Note that I initially just used calloc() to allocate space for the parameter stack in a c source file I called gcddummy.c, and then shifted to using mmap, so I could map the stack up high, around 64M below the return address stack.
Placement of the two stacks requires some thinking. Putting the parameter stack above the return address stack will leave you vulnerable to certain kinds of collisions, primarily deep recursion with large local variables.
Putting the parameter stack below the return address stack will leave you vulnerable to buffer overflows more than recursion -- large overflows, that is, in the 64 megabyte range in this example. A 256M gap would be even better, but the theoretical vulnerability remains.
I chose below because it would have been much more work to move the return address stack down.

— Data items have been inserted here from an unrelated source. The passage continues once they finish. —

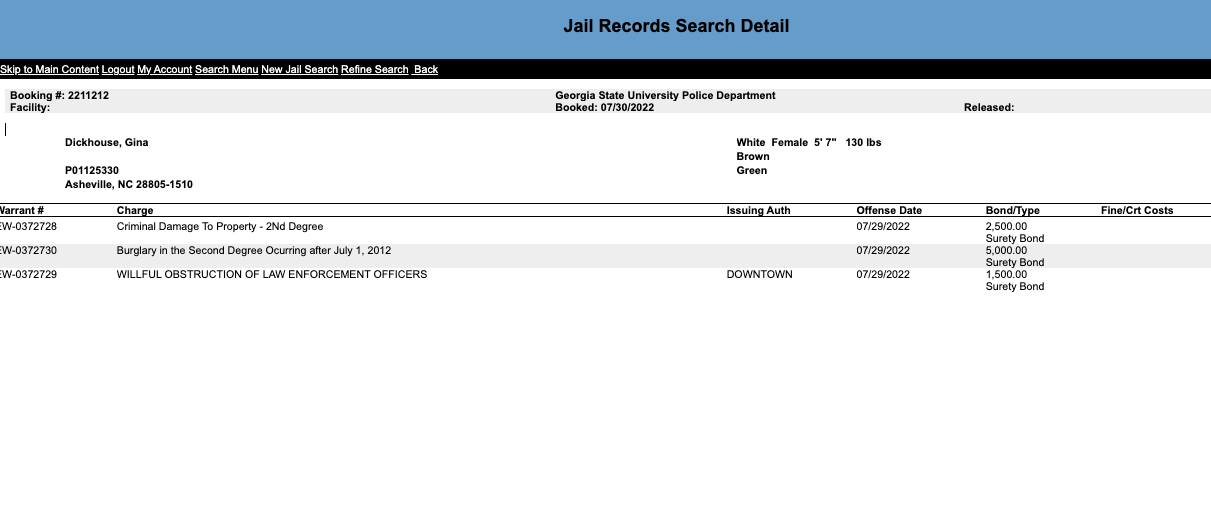 https://twitter.com/AntifaWatch2/status/1554282610511192064 https://twitter.com/UR_Ninja/status/1553581282281418753 Arrested for burglary, vandalism, and obstruction at GSU in Atlanta as a part of a 'Stop cop city' direct action targeting a worksite of the general contractor May be this person, jails do sometimes misspell names https://wlos.com/news/local/10-arrested-for-felony-littering-asheville-parks-activists-investigation-pageant-nevel-amy-hamilton-thibert-julia-weber-alexander-bergdahl-kathryn-hudson-nicole-villagran-gina-dickhaus-sarah-norris-erica-deaton-elsa-enstrom Her name is Gina Marie Dickhaus (cops can't spell), DOB: 02/04/92. She may be related in some way to Margaret "Maggie" Dickhaus (https://antifawatch.net/ViewReport/3fc3c578), a member of Wayne Dixon's (https://antifawatch.net/ViewReport/885ba284) Redneck Revolt chapter but the two Dickhaus aren't linked on people finder sites. Gina has a ton of minor offenses, most of which seem to have been dismissed. She thoughtfully donated to a GoFundMe for a transvestite's surgery in 2021. She works as a bar manager and lives in a neatly kept house with a bunch of roommates in Asheville. https://archive.ph/CTR82 https://www.linkedin.com/in/gina-dickhaus-62b81bb0 https://www.instagram.com/cunnus_diaboli/ (Unverified) Incident Report https://wmkinstitute.com/police-incident-report-seven-arrested-for-property-destruction-at-georgia-state-university/
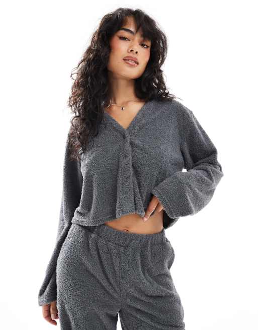 Loungeable – Weiche, flauschige Strickjacke in Grau
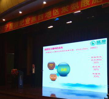 公司農化部部長佟文志經理做了《盛源聚氨酸肥料產品及營銷效果》的專題報告,從田間實際出發,向與會者詳細展示了盛源聚氨酸肥料在不同區域及不同作物上的良好應用效果。
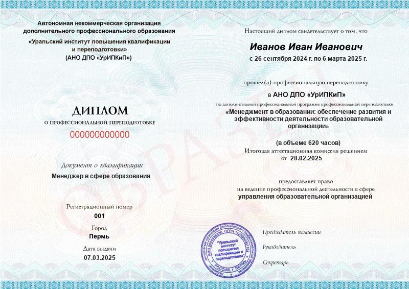 - Образец диплома о профессиональной переподготовке.
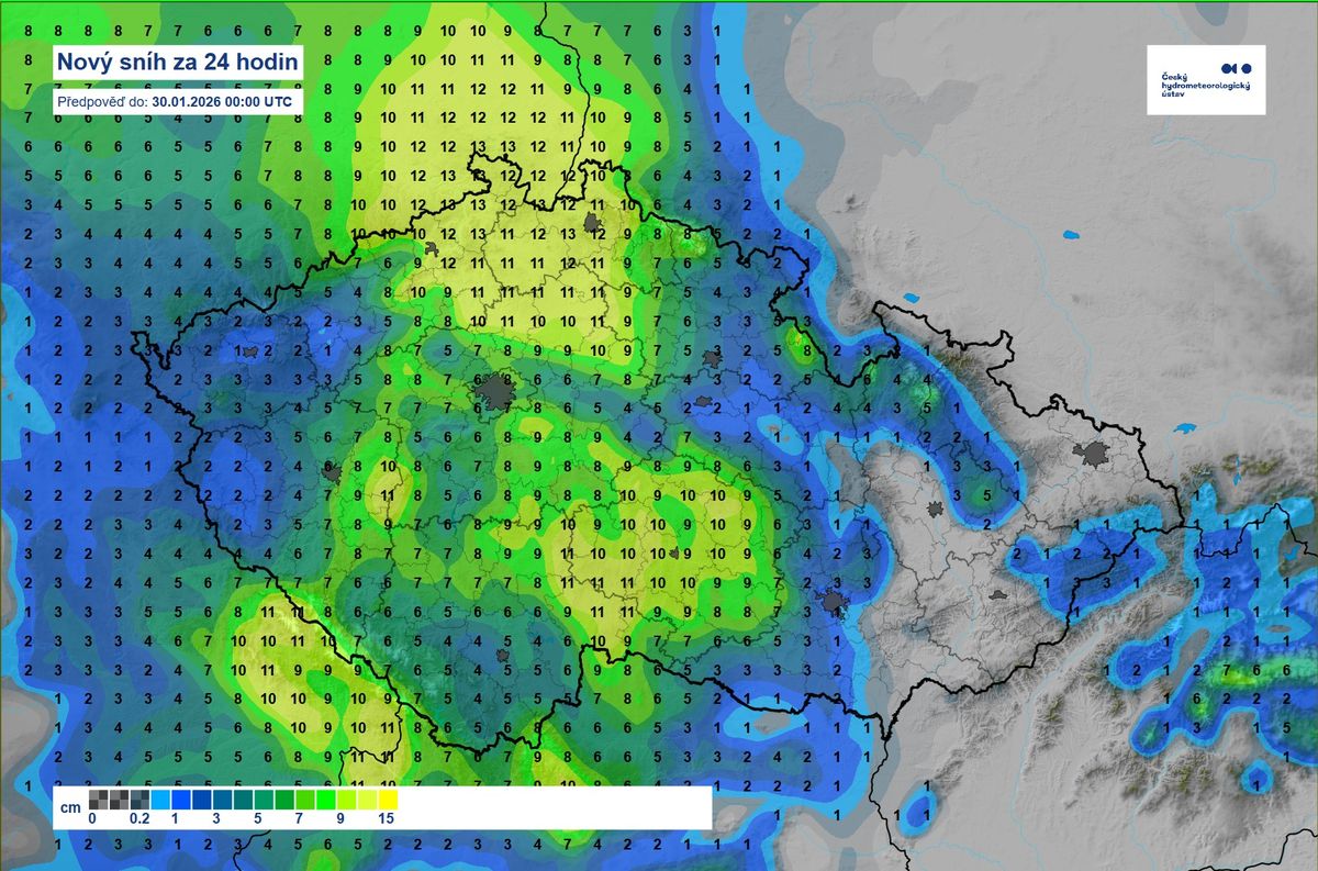 Přesná hranice sněžení se bude v týdnu ještě upřesňovat. Zatím to vypadá, že v Čechách by mohlo napadnout až 10 cm.
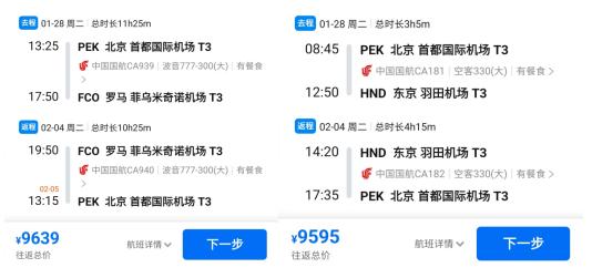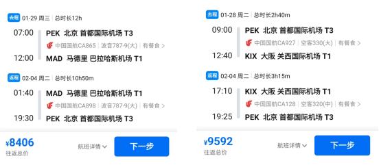1月28-2月4日,国航北京—东京、大阪经济舱机票往返价格最高9595元左右,同期国航北京—罗马机票往返价格9639元,国航北京—马德里机票往返价格仅8406元。

But there should be a gap of unallocated memory between the stacks, and the illegal access exception that should happen (if you have proper memory management hardware) when a buffer overflow hits the gap should prevent anything more than a denial of service to the attacker.

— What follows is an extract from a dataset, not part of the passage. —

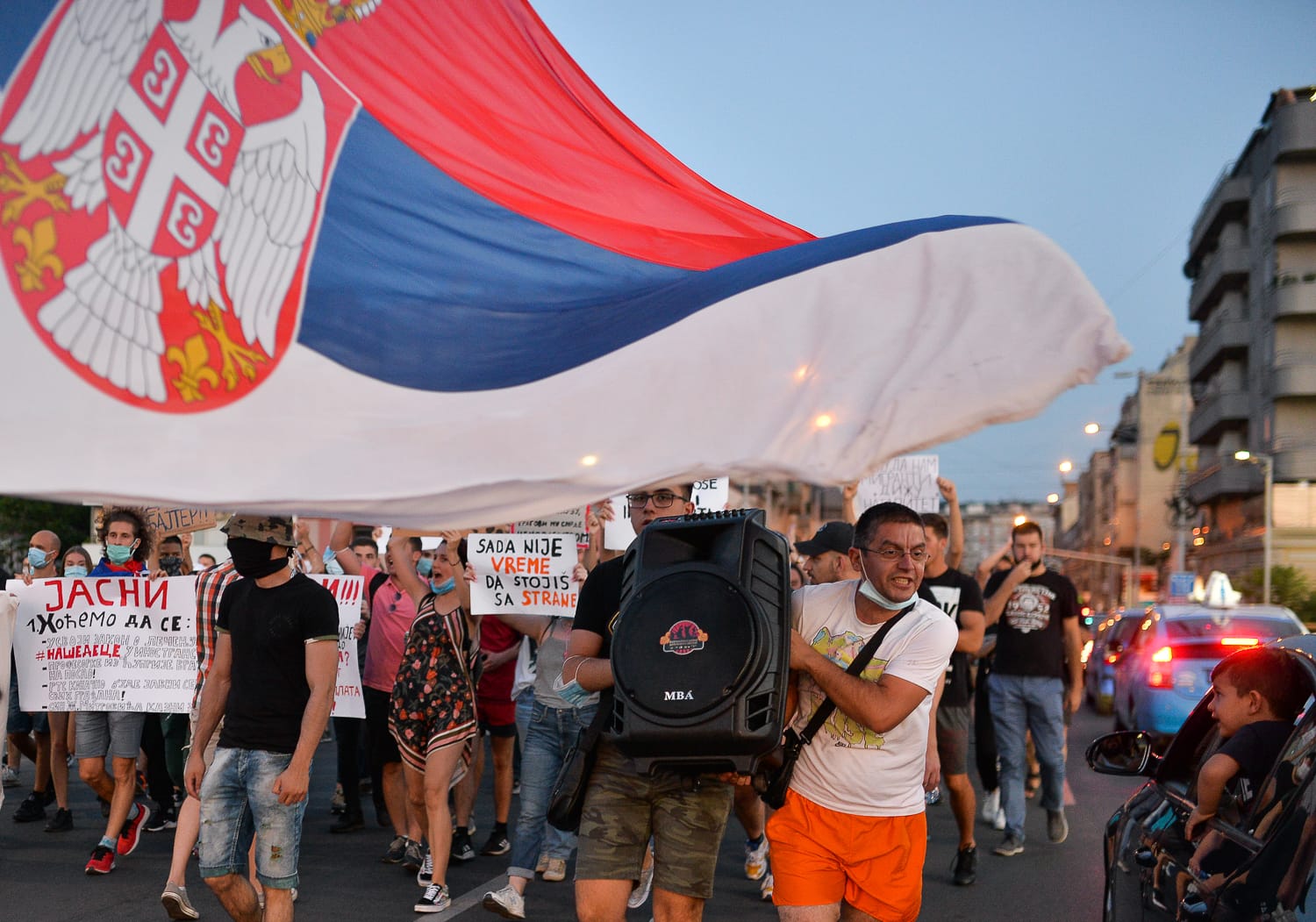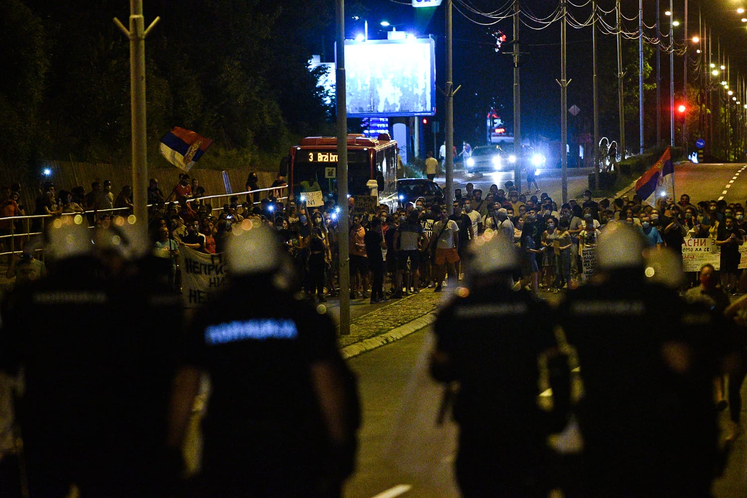 Vi ste naša policija, mi smo vaš narod. Svima nam je Vučić kovid. Spustite štitove! Uhapsite Vučića!
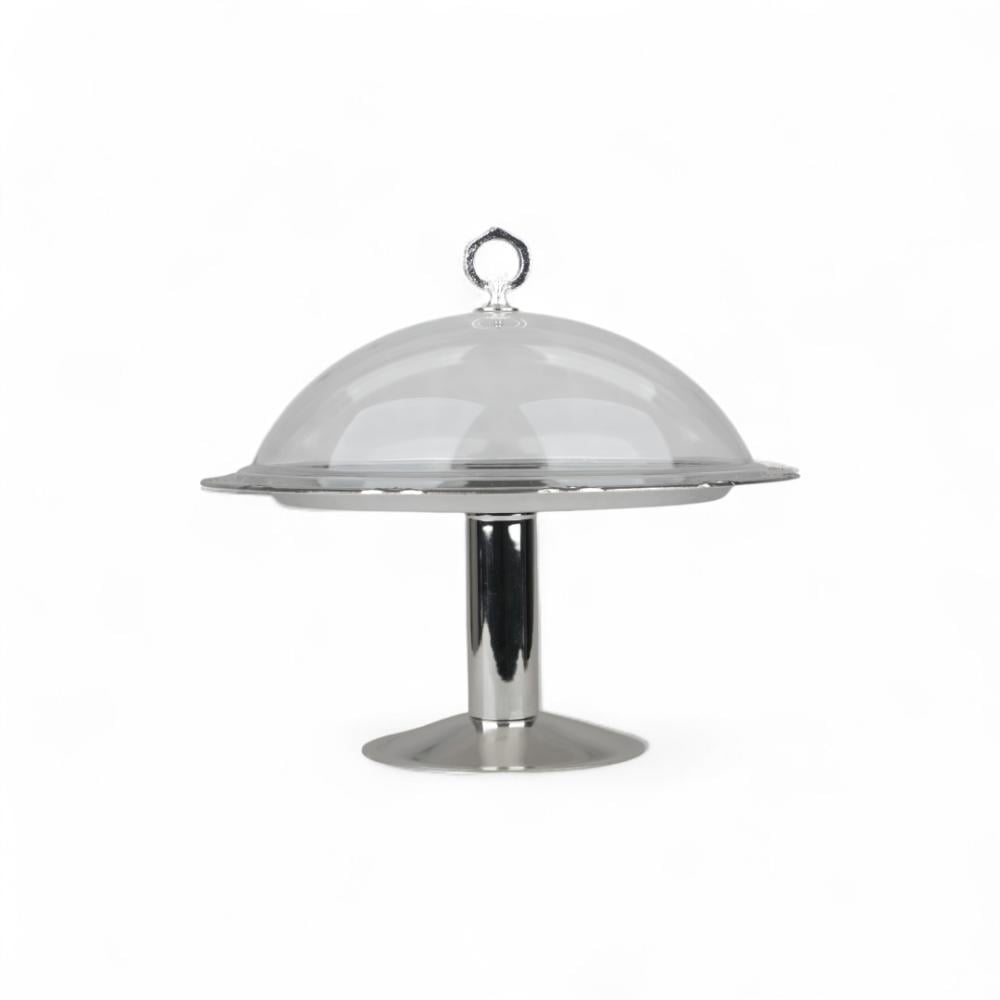 صحن كيك فوبي مع قاعدة بغطاء أكريليك من سوليتير، اللون فضي، الحجم صغير، الشكل دائري، القطر 24 سم

Recursion may be more difficult to handle, but, if the OS provides automatic extension of the stack, one might hope that it would also provide some way to detect such recursions.

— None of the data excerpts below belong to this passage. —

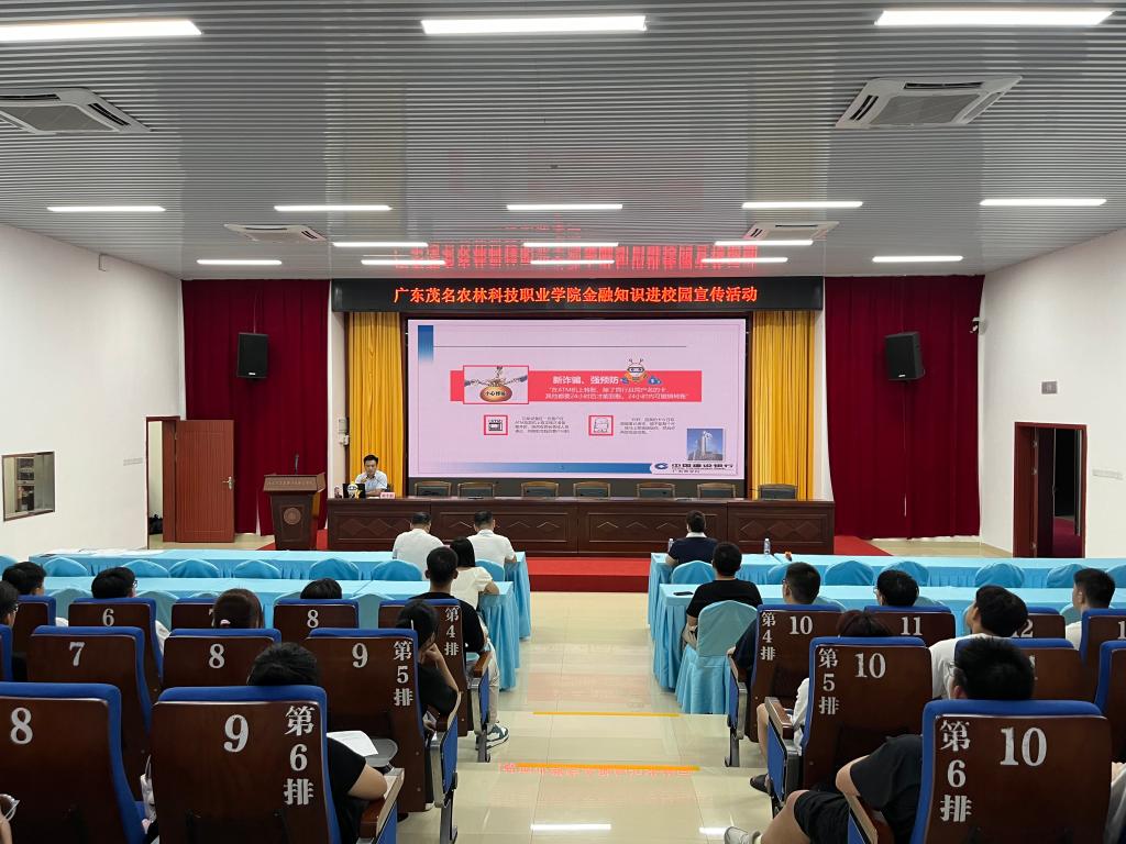 为了增强新生的反诈骗意识,提高学生安全防范能力,帮助建立正确的金融观念,提高金融素养,更好适应校园学习和社会生活,9月22日晚上,我院举办了一场别开生面的“开学反诈第一课”金融知识进校园活动。此次活动由学院联合建设银行茂南支行举办,得到了学院广大师生的支持和积极参与。该行行长冼烁、副行长邓中原,农林学院学生工作部负责人、财务部负责人、各系新生班辅导员和新生代表等近200人参加了当晚的活动。
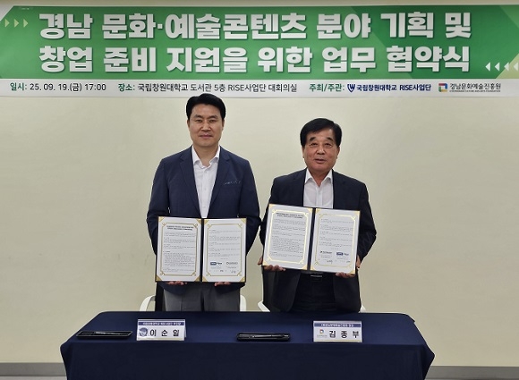 경남문화예술진흥원과 국립창원대학교 RISE사업단은 19일 창원대에서 도내 문화예술·콘텐츠 분야 기획 및 창업 생태계 활성화를 위한 업무협약을 체결했다.
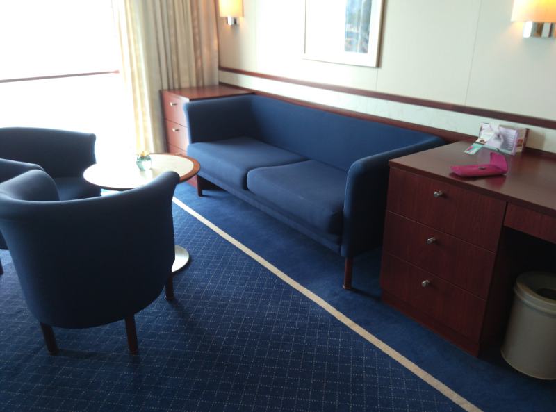 Sitzgruppe und Schreibtisch in der Standardaußensuite
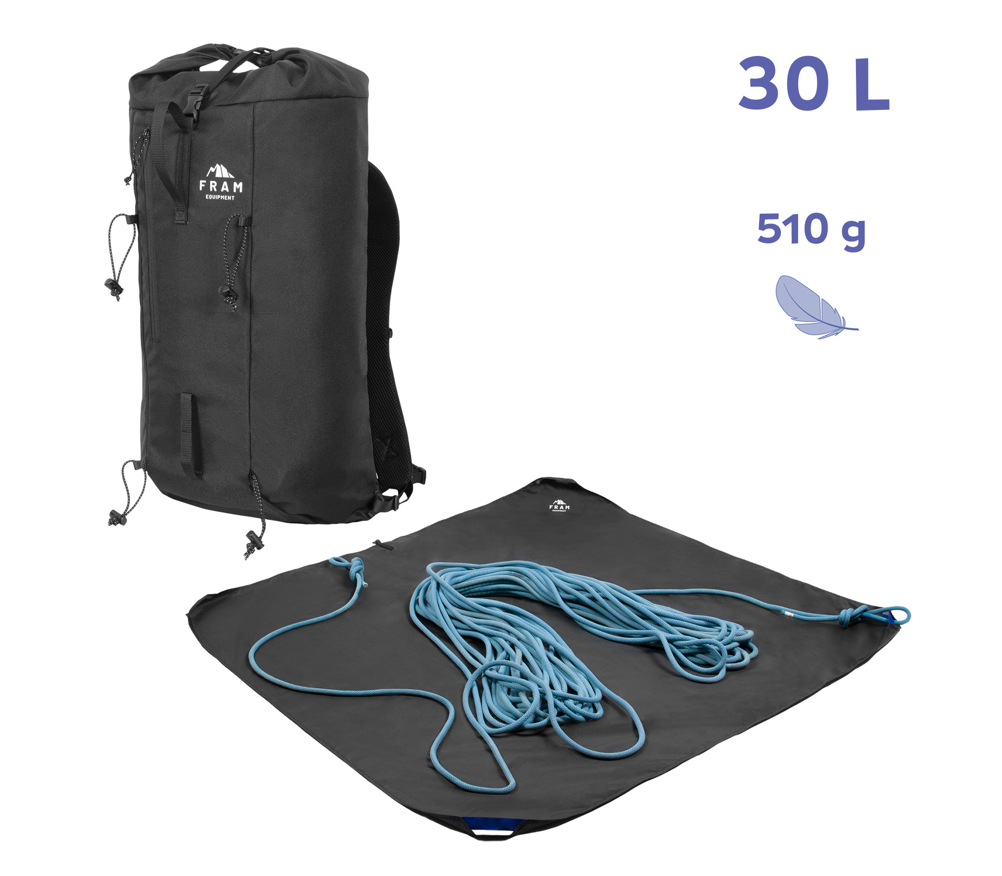 Легкий і об'ємний рюкзак для мотузки. Дозволяє вмістити мотузку 60м, дві системи, комплект відтяжок, закладки, дві каски і гайд-бук. Надмала вага і відмінна ергономічність.

Anyway, ultimately, the OS should support the second stack, so that the compiler and the source code programmer won't have to deal with the allocation, other than compiler switches for the rare case when the default size or placement of the gap is not desired.
64-bit addresses, even if not fully decoded, should help with the collision issues.
This looks pretty simple.
The problem is that no current compiler I know of does it this way. That means I have to write such a compiler myself, or I have to go find the production rules in the source of an existing compiler and see whether I can successfully modify the function call and return and parameter access without breaking the compiler.
Learning (finally) how to use compiler-compilers and lexical analyzers would be the easy part. Not breaking the compiler is the hard part.
Writing a new compiler myself might be easier, considering how familiar I'd have to get with the compiler of choice.
And then I would have to go digging through the library source, looking for all the places that directly access the stack and fixing the code that avoids the return address that isn't there any more. va_arg is just the tip of the iceburg.
It's a big project, but I think it needs to be done. It's just too easy to walk on the return addresses (and do bad things with them) otherwise.
Now it doesn't fix the general problem of using buffer overflows to modify the behavior of programs, it just makes the easiest way to do so significantly harder.
It also opens the C language to some paradigms that are currently blocked, and those paradigms just happen to make it easier to write robust programs. But that is a discussion for a later date.